Conny Stein müht sich nach Kräften, Olli auf Abstand zu halten. Überkorrekt, wie er ist, bringt er das Mädchen zum Ausländeramt. Hier setzt seine persönliche Kehrtwende ein. Nach einer ruppigen Auseinandersetzung mit dem Behördenmitarbeiter Mike Zirske (Franz Dinda) kommt sein Recht-und-Ordnung-Deutschlandbild ins Wanken. Ollis Schicksal wird seine Aufgabe – und dann sein Schicksal. Und er steht vor einer doppelten Herausforderung: Seine Frau Sanna ist ausgezogen, hat einen Jugendfreund wiedergetroffen. Der Film „Blindgänger“ bekommt zwei Erzählstränge, die in Conny Stein zusammenlaufen.

Produktionen mit Wolfgang Stumph, bei denen Peter Kahane stets Regie führt und – wie hier zusammen mit Simone Kollmorgen – Drehbuch schreibt, sind in der Erzählweise, bei der Inszenierung und beim Tempo erwartbare Arbeiten. Da steht nichts und niemand kopf, die Wendungen sind so wenig abrupt wie Schwenks und Schnitte, ein Wolfgang-Stumph-Film strömt, er saust nicht.

„Blindgänger“ fügt sich in diese Filmografie ein, und auch wieder nicht. Stumphs Kommissar Stubbe war von geerdeter Menschlichkeit, einer, der bei allem Streben nach Gerechtigkeit im Täter einen gescheiterten Menschen sah. Conny Stein ist ein anderer, als Entschärfer ein Solist, einer, der in seiner Selbstverbissenheit die Bomben mehr liebt als Umgebung und Ehefrau. Sein Hobby? Zünder nachbauen. Das ist einer, der seine Fürsorge für andere auf extreme Weise in sich entdecken muss.
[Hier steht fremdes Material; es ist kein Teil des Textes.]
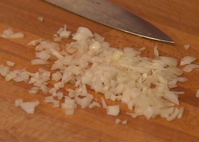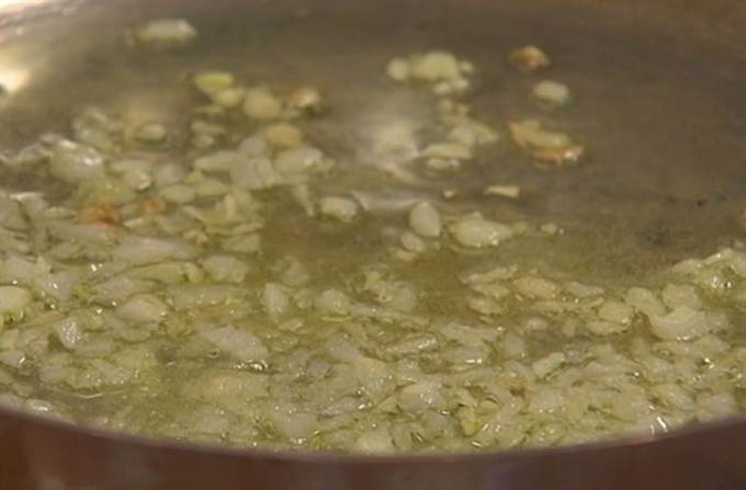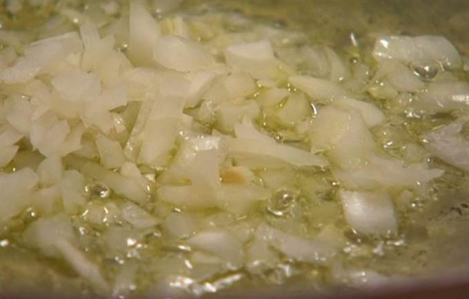 Разогреть в сковороде оливковое масло и обжарить лук до прозрачности.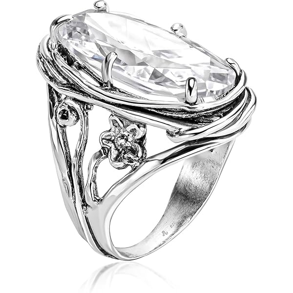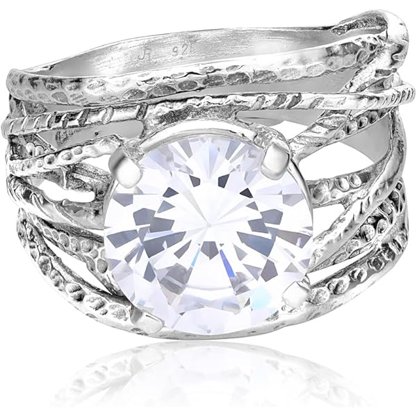 Statement Ring aus 925er Sterlingsilber weiB kissenformig Zirkonia CZ organischer Look Vintage Antik Look hypoallergen nickel und bleifrei handwerklich gefertigte Designerkollektion Israel Amazon ... Very well made.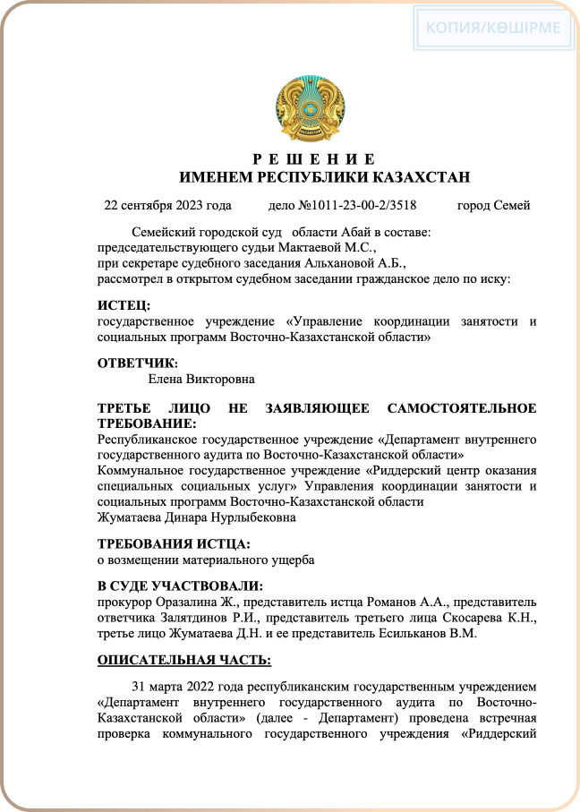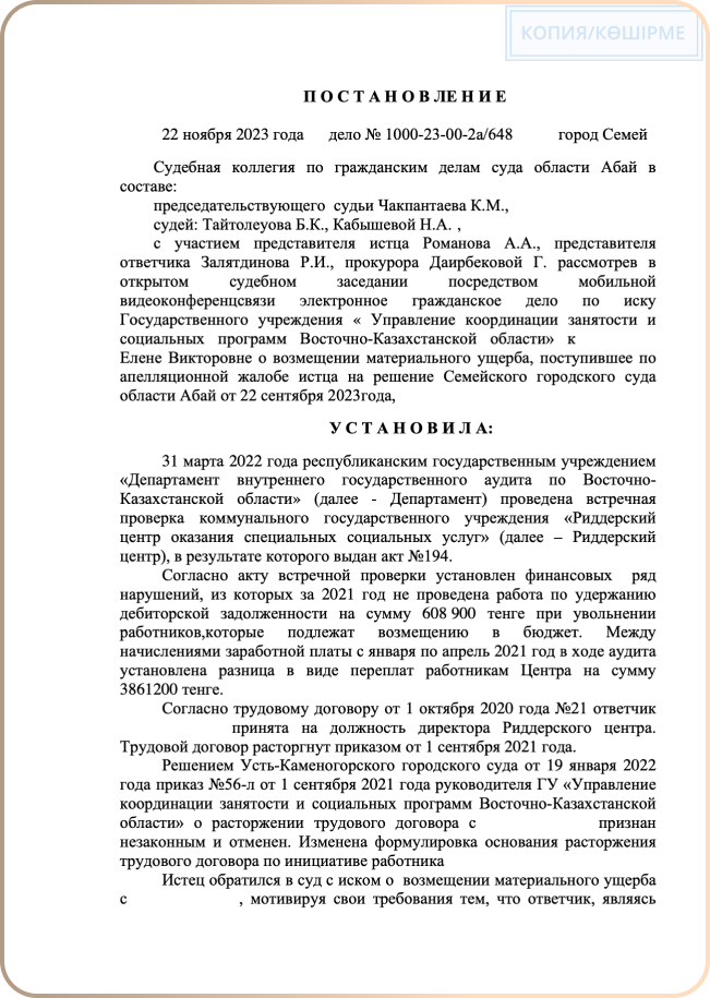 Управление координации занятости и социальных программ ВКО обратилось в суд о взыскании материального ущерба к бывшему директору подведомственной организации. Мы защищали права и законные интересы директора Е.В.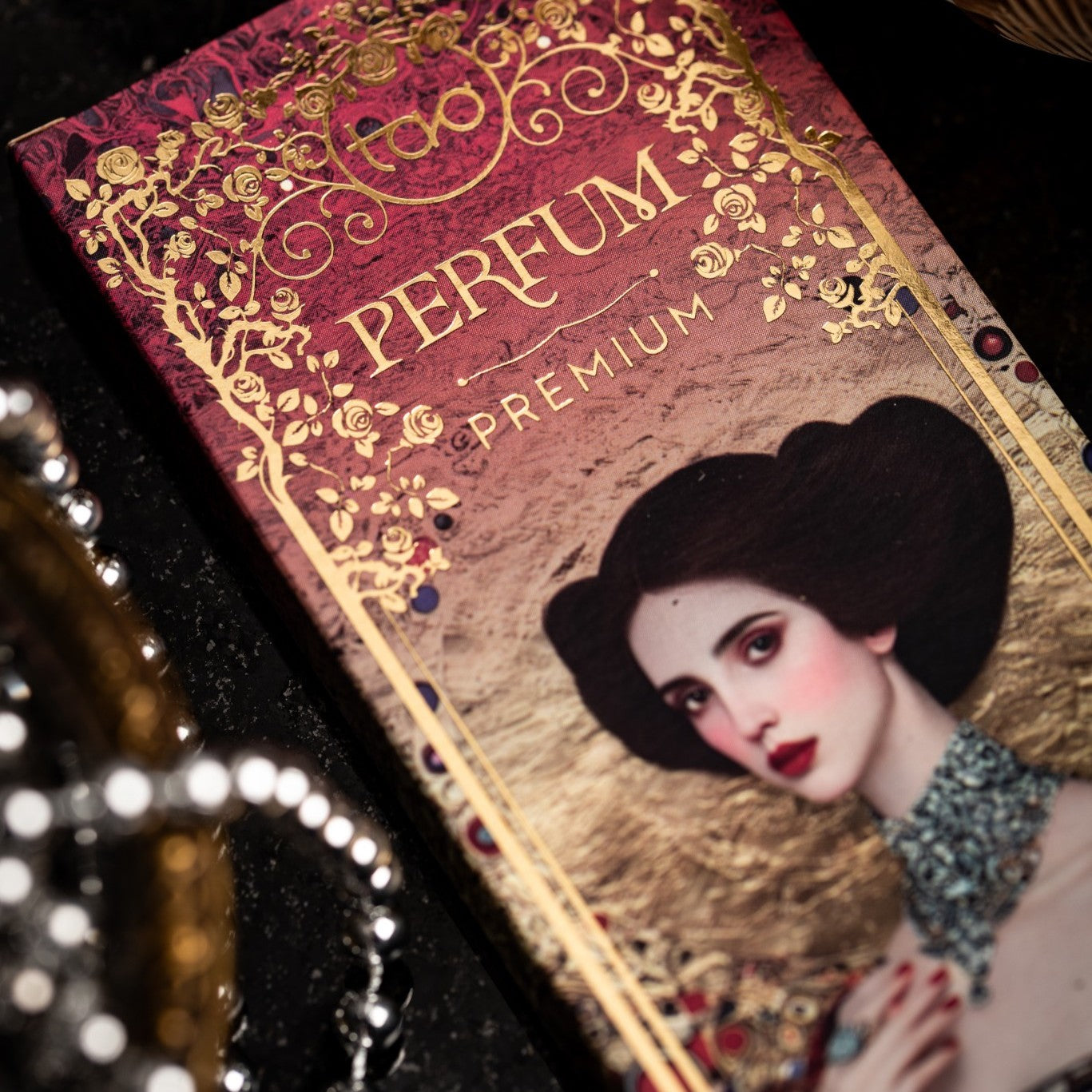 Ant pakuotės pavaizduota dama su karališka laikysena ir sodriomis raudono bei aukso spalvomis. Jos apranga ir papuošalai spindi prabanga, simbolizuodami dvasingumo kilnumą ir vidinę šviesą. Ji įkūnija aromato aurą – karališką, tyrą ir pakylėjančią.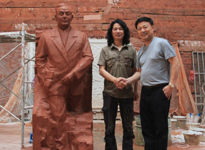 先登心博网页公司,东郭心博网页工作室受有关部门委托,为东南大学杨廷宝故居创作青铜全身像,杨廷宝之女,杨士英教授及其孙女、潘翔处长和相关领导莅临先登心博网页公司指导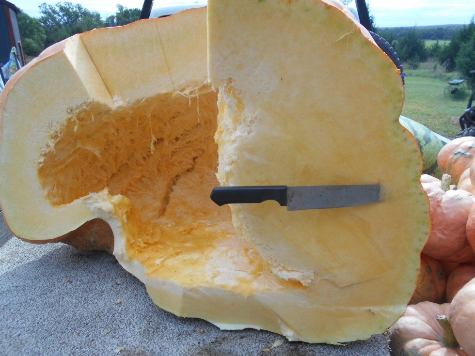 12 inches thick on stem end but not much on bottom. Harvested seeds but it only had about 20 viable seeds? The rest were empty. and only about 50 of them.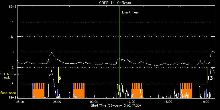 EIS Observation timeline overlay to GOES-Xray curve Code 1" 2" 40" 266" EIS Observations list for this event: STUDY ACRONYM ID DATE OBSERVED DESCRIPTION NOAA# TARGET 0 PRY_slot_contextLITE | 31761 | 2013/01/28 04:01:19 | AR study | 1661 | Active Region TIMELINE ID DATE OBSERVED FITS FILE XCEN (+W/-E) YCEN (+N/-S) DUR ----------------------------------------------------------------------------------------------------------------- 31761 | 2013/01/28 04:01:19.000 | eis_l0_20130128_040119.fits.gz | 96.72 | 294.35 | 2m57s 1 HH_Flare+AR_180x152 | 31762 | 2013/01/28 04:04:41 | AR study | 1661 | Flare TIMELINE ID DATE OBSERVED FITS FILE XCEN (+W/-E) YCEN (+N/-S) DUR ----------------------------------------------------------------------------------------------------------------- 31762 | 2013/01/28 04:04:41.000 | eis_l0_20130128_040441.fits.gz | 110.25 | 294.28 | 5m18s 31762 | 2013/01/28 04:10:01.000 | eis_l0_20130128_041001.fits.gz | 111.10 | 294.20 | 5m19s 31762 | 2013/01/28 04:15:22.000 | eis_l0_20130128_041522.fits.gz | 111.80 | 294.20 | 5m19s 31762 | 2013/01/28 04:20:43.000 | eis_l0_20130128_042043.fits.gz | 112.72 | 294.28 | 5m19s 31762 | 2013/01/28 04:26:05.000 | eis_l0_20130128_042605.fits.gz | 113.50 | 293.97 | 5m18s 31762 | 2013/01/28 04:31:26.000 | eis_l0_20130128_043126.fits.gz | 114.27 | 294.20 | 5m18s 31762 | 2013/01/28 04:36:47.000 | eis_l0_20130128_043647.fits.gz | 115.12 | 294.12 | 5m18s 31762 | 2013/01/28 04:42:08.000 | eis_l0_20130128_044208.fits.gz | 115.97 | 293.89 | 5m18s 31762 | 2013/01/28 04:47:28.000 | eis_l0_20130128_044728.fits.gz | 116.74 | 294.12 | 5m19s 31762 | 2013/01/28 04:52:49.000 | eis_l0_20130128_045249.fits.gz | 117.59 | 294.12 | 5m18s 2 PRY_slot_contextLITE | 31767 | 2013/01/28 06:02:19 | Change of EIS pointing and alignment w | | Active Region TIMELINE ID DATE OBSERVED FITS FILE XCEN (+W/-E) YCEN (+N/-S) DUR ----------------------------------------------------------------------------------------------------------------- 31767 | 2013/01/28 06:02:19.000 | eis_l0_20130128_060219.fits.gz | -15.29 | -0.58 | 2m56s 3 Alignment_266 | 31768 | 2013/01/28 06:05:33 | Change of EIS pointing and alignment w | | Quiet Sun TIMELINE ID DATE OBSERVED FITS FILE XCEN (+W/-E) YCEN (+N/-S) DUR ----------------------------------------------------------------------------------------------------------------- 31768 | 2013/01/28 06:05:33.000 | eis_l0_20130128_060533.fits.gz | -132.49 | -0.50 | 1m22s 4 XRT_synop_AIA | 31769 | 2013/01/28 06:07:41 | Change of EIS pointing and alignment w | | Quiet Sun TIMELINE ID DATE OBSERVED FITS FILE XCEN (+W/-E) YCEN (+N/-S) DUR ----------------------------------------------------------------------------------------------------------------- 31769 | 2013/01/28 06:07:41.000 | eis_l0_20130128_060741.fits.gz | -132.57 | -0.50 | 10s 5 PRY_slot_contextLITE | 31745 | 2013/01/28 07:16:26 | AR study | 1661 | Active Region TIMELINE ID DATE OBSERVED FITS FILE XCEN (+W/-E) YCEN (+N/-S) DUR ----------------------------------------------------------------------------------------------------------------- 31745 | 2013/01/28 07:16:26.000 | eis_l0_20130128_071626.fits.gz | 126.46 | 293.97 | 2m56s 6 HH_Flare+AR_180x152 | 31746 | 2013/01/28 07:19:47 | AR study | 1661 | Flare TIMELINE ID DATE OBSERVED FITS FILE XCEN (+W/-E) YCEN (+N/-S) DUR ----------------------------------------------------------------------------------------------------------------- 31746 | 2013/01/28 07:19:47.000 | eis_l0_20130128_071947.fits.gz | 139.91 | 293.97 | 5m18s 31746 | 2013/01/28 07:25:08.000 | eis_l0_20130128_072508.fits.gz | 140.76 | 293.74 | 5m17s 31746 | 2013/01/28 07:30:28.000 | eis_l0_20130128_073028.fits.gz | 141.61 | 293.97 | 5m18s 31746 | 2013/01/28 07:35:49.000 | eis_l0_20130128_073549.fits.gz | 142.39 | 293.89 | 5m18s 31746 | 2013/01/28 07:41:10.000 | eis_l0_20130128_074110.fits.gz | 143.16 | 293.89 | 5m19s 31746 | 2013/01/28 07:46:31.000 | eis_l0_20130128_074631.fits.gz | 144.09 | 293.81 | 5m18s 31746 | 2013/01/28 07:51:51.000 | eis_l0_20130128_075151.fits.gz | 144.86 | 293.74 | 5m18s 31746 | 2013/01/28 07:57:12.000 | eis_l0_20130128_075712.fits.gz | 145.71 | 293.81 | 5m18s 31746 | 2013/01/28 08:02:33.000 | eis_l0_20130128_080233.fits.gz | 146.40 | 293.74 | 5m18s 31746 | 2013/01/28 08:07:54.000 | eis_l0_20130128_080754.fits.gz | 147.33 | 293.74 | 5m17s 7 PRY_slot_contextLITE | 31771 | 2013/01/28 12:00:19 | AR study | 1661 | Active Region TIMELINE ID DATE OBSERVED FITS FILE XCEN (+W/-E) YCEN (+N/-S) DUR ----------------------------------------------------------------------------------------------------------------- 31771 | 2013/01/28 12:00:19.000 | eis_l0_20130128_120019.fits.gz | 169.49 | 293.43 | 2m56s 8 HH_Flare+AR_180x152 | 31772 | 2013/01/28 12:03:40 | AR study | 1661 | Flare TIMELINE ID DATE OBSERVED FITS FILE XCEN (+W/-E) YCEN (+N/-S) DUR ----------------------------------------------------------------------------------------------------------------- 31772 | 2013/01/28 12:03:40.000 | eis_l0_20130128_120340.fits.gz | 182.94 | 293.35 | 5m18s 31772 | 2013/01/28 12:09:01.000 | eis_l0_20130128_120901.fits.gz | 183.79 | 293.43 | 5m18s 31772 | 2013/01/28 12:14:21.000 | eis_l0_20130128_121421.fits.gz | 184.49 | 293.50 | 5m18s 31772 | 2013/01/28 12:19:42.000 | eis_l0_20130128_121942.fits.gz | 185.34 | 293.50 | 5m18s 31772 | 2013/01/28 12:25:03.000 | eis_l0_20130128_122503.fits.gz | 186.19 | 293.43 | 5m17s 31772 | 2013/01/28 12:30:23.000 | eis_l0_20130128_123023.fits.gz | 187.04 | 293.35 | 5m19s 31772 | 2013/01/28 12:35:44.000 | eis_l0_20130128_123544.fits.gz | 187.89 | 293.43 | 5m18s 31772 | 2013/01/28 12:41:05.000 | eis_l0_20130128_124105.fits.gz | 188.66 | 293.20 | 5m17s 31772 | 2013/01/28 12:46:25.000 | eis_l0_20130128_124625.fits.gz | 189.43 | 293.35 | 5m18s 31772 | 2013/01/28 12:51:45.000 | eis_l0_20130128_125145.fits.gz | 190.36 | 293.20 | 5m18s 9 PRY_slot_contextLITE | 31755 | 2013/01/28 15:58:49 | AR study | 1661 | Active Region TIMELINE ID DATE OBSERVED FITS FILE XCEN (+W/-

An Olli, die eigentlich Olga heißt und mit ihrer Schwester Elena (Natalia Belitski) Deutschland verlassen soll. Conny, der Stein, wandelt sich, dramatisch, existenziell.

„Blindgänger“ nimmt in seinen harten Momenten Anleihen beim Sozialdrama, figuriert im Hauptfilm als Sozialromanze (wer hier Sozialkitsch herausliest, der hat sich verlesen). Mia Kasalo spielt die zehnjährige Olli hinreißend, und Wolfgang Stumph wäre nicht ein überzeugender Bombenentschärfer und kein nachdenklich machender Menschwerder, wenn er nicht diese eine Geste, nicht diesen einen Spielzug mehr hätte, den es zum Charakter braucht. „Blindgänger“ will den Zuschauer weniger anspannen als anrühren. Trotzdem trifft die Produktion Herz und Hirn.

Und es wäre nicht die geringste Leistung des Films, seines Themas und seines Ensembles, wenn am Montagabend mehr Dresdner vor dem Fernseher sitzen, als bei Pegida am Sonntag mitmarschiert sind.